That may seem like I’m damning this first of four comic book tentpoles this summer — along with X-Men: First Class, Green Lantern, and Captain America: The First Avenger — with faint praise. But, hey, sometimes ok is a good thing. There’s not much reaching for depth here: Branagh’s Thor is smart and self-referential enough to know that, once you get past all the family strife, Norse brooding, hubris of Gods, and whatnot, this is just a breezy, early-May popcorn film, and it keeps a light touch accordingly. The Dark Knight, this isn’t.
As such, and perhaps not surprisingly, Thor — the story of a fallen deity’s misadventures in the American Southwest, and the brother who betrayed him back home — feels more in keeping with the Make-Mine-Marvel larkiness of Iron Man. (And although IM was a much better film, Thor is more successful and self-contained a story than the rush job that was Iron Man 2.)
Like Iron Man, Thor is a comic that — Walt Simonson’s epic run in the 80′s notwithstanding — I’ve remained mostly agnostic about over the years. With all due respect to the Nordic pantheon from whence he came, Thor has just never been all-that-interesting a comic book character to me. He’s…a guy…with a hammer. Nor, for that matter, are his powers very well-defined. So, ok, he’s strong and can kinda sorta control the weather. But there’re a lot of generic strongmen running around the Marvel universe — Hulk, Hercules, Colossus, Juggernaut. What makes Thor different?
With that in mind, Branagh and his team of screenwriters make the smart move of dropping the “trapped as mere mortal Dr. Donald Blake” part of Thor’s origin and taking what’s distinctive about the character — mainly, his Asgardian roots and his noble, if a bit dense, nature — to fashion a fish-out-of-water story instead.
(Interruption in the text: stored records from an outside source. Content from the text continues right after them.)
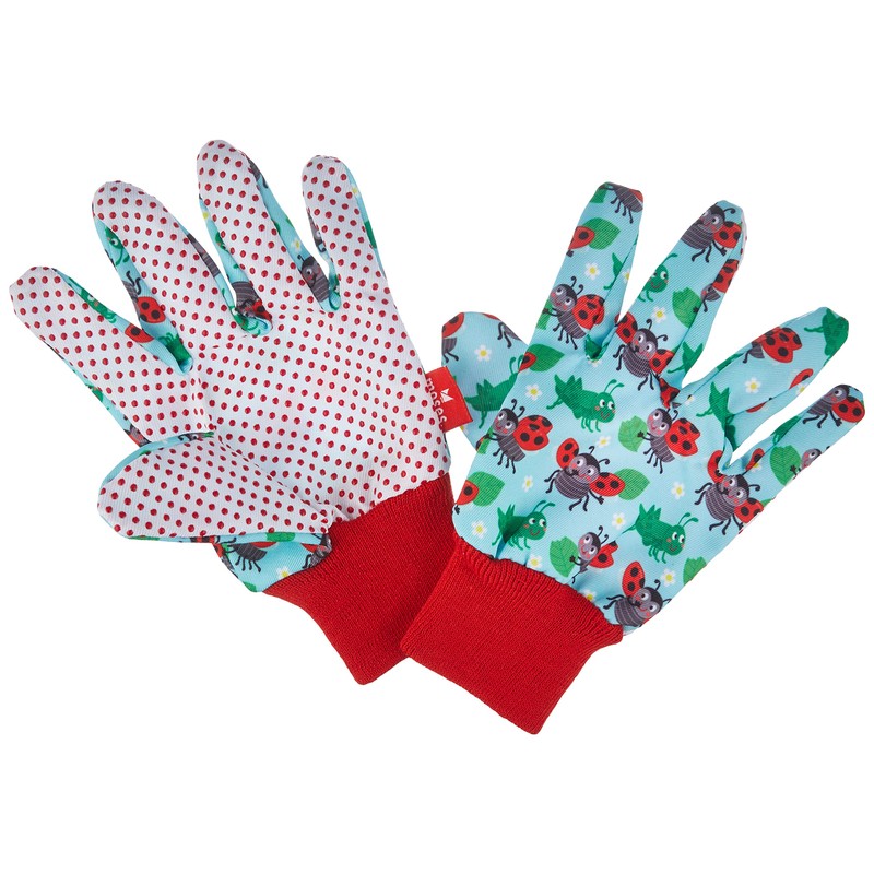 - Colourful and cheerful crawling beetle gloves for little gardeners with cute ladybird design.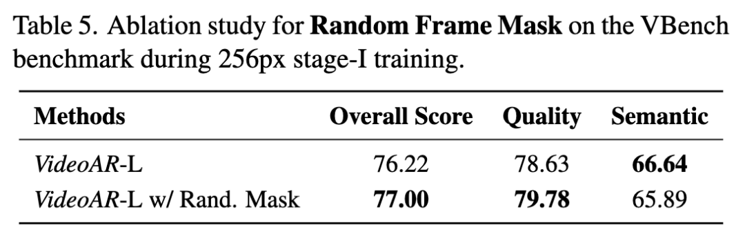 随机帧掩码 (Random Frame Mask) 的进一步消融是在本工作的大规模真实世界数据集上进行的,因为对小数据集 UCF-101 进行强增强可能会阻碍模型收敛。如表 5 所示,在 256px 训练阶段结合此技术将整体 VBench 分数从 76.22 提高到 77.00。
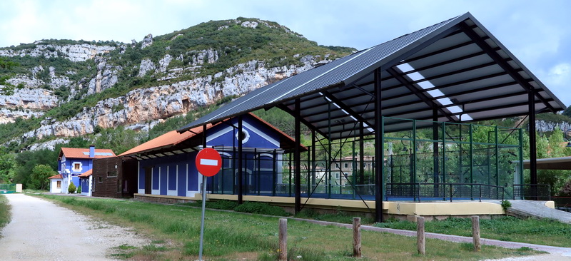 Der Bahnhof von Sotopalacios ist eine baufällige Ruine. Aber der schattige Rastplatz unter den großen Bäumen ist neu!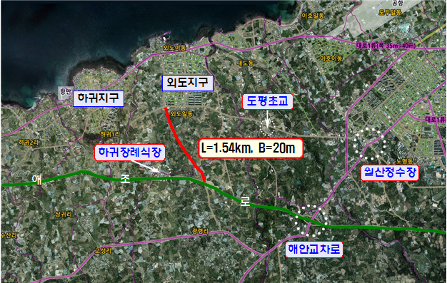 110억원의 예산이 투입되는 이번 사업을 통해 제주시는 서부지역의 애조로 접근을 쉽게 하고 교통체증이 심각한 해안교차로, 월산정수장 사거리 일대의 교통량 분산에도 기여할 것으로 기대하고 있다.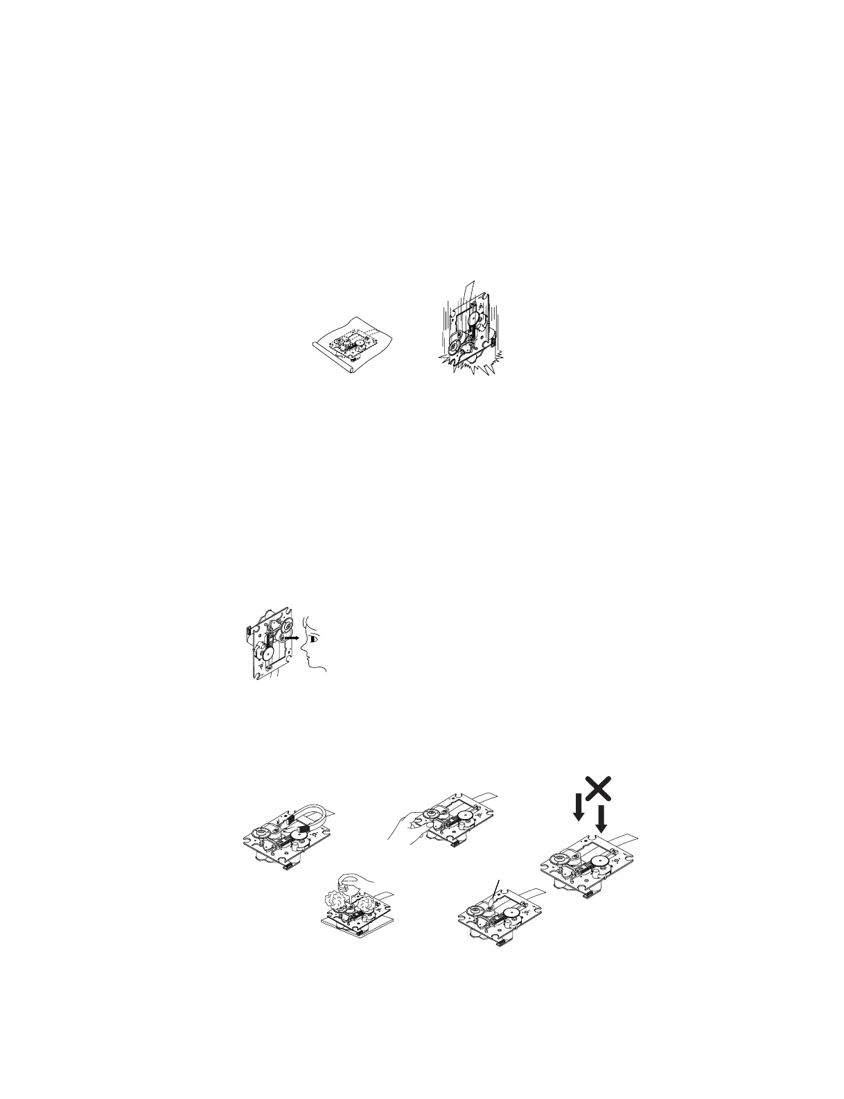 Also NEVER switch ON the power to the laser output part (lens, etc.) of the pick-up if it is damaged.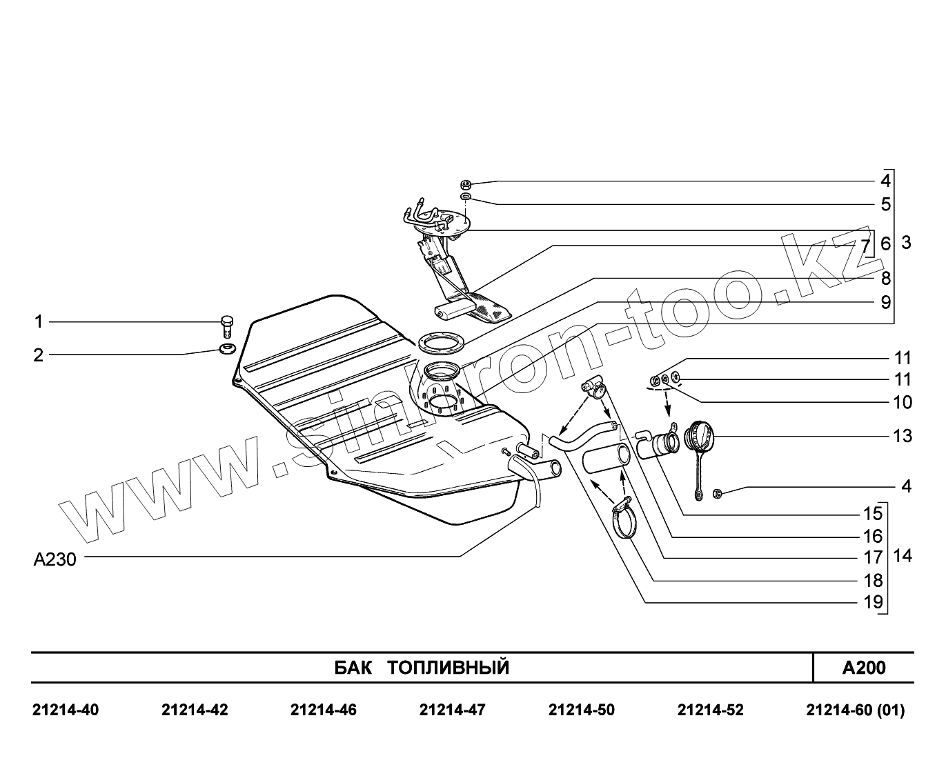 Каталог запасных частей к технике: ВАЗ LADA 4x4 Urban. A200. Бак топливный

Most of the humor that keeps the movie humming along — say, Thor going to the pet store to find a Lockjaw-type large steed on which to ride through the desert — ensues from this wise decision to skip canon and tell a rollicking Thor story (Thory?) instead.
The film also benefits from a bevy of actors, including but by no means limited to Chris “Papa Kirk” Hemsworth as the titular thunder god, who can managed the dual feat of conveying comic book gravitas when it is required and delivering moments of pure cheese with a wink and a nod. Anthony Hopkins, of course, is an old hand at this sort of thing by now, but his Odin is matched well by Tom Hiddleston’s impressive turn as Loki, the God of Mischief. (Let’s face it, Loki was always a more interesting character than Thor anyway, almost by design, and perhaps the most visceral geek thrill I got out of Thor was seeing Hiddleston — in the iconic horned helmet — lounging on Asgard’s throne like something out of Milton.) And a number of other actors here match the same wry and knowing tone perfectly, from Idris Elba’s Heimdall to Clark Gregg’s ubiquitous Agent of S.H.I.E.L.D to Stellan Skargard, here in the often-thankless role of skeptical science guy/mentor to the love interest.
Speaking of the love interest, Natalie Portman continues her post-Black Swan year-of-many-films here as super-physicist Jane Foster, and she’s decent enough at it. At the very least she doesn’t exhibit the deer-in-a-headlights stare that accompanied her last venture into FX-heavy fandom, the prequels. If there’s a weak link here, it’s probably — and sadly — Rome‘s Ray Stevenson (who already did time in the Marvelverse as the Punisher, in the one with McNutty) as Volstagg of the Warriors Three, a.k.a. Falstaff in the comics, Gimli in this film. I like Stevenson, but he’s mostly just miscast here. A more rotund individual (Oliver Platt? Mark Addy?) probably could’ve sold the character better.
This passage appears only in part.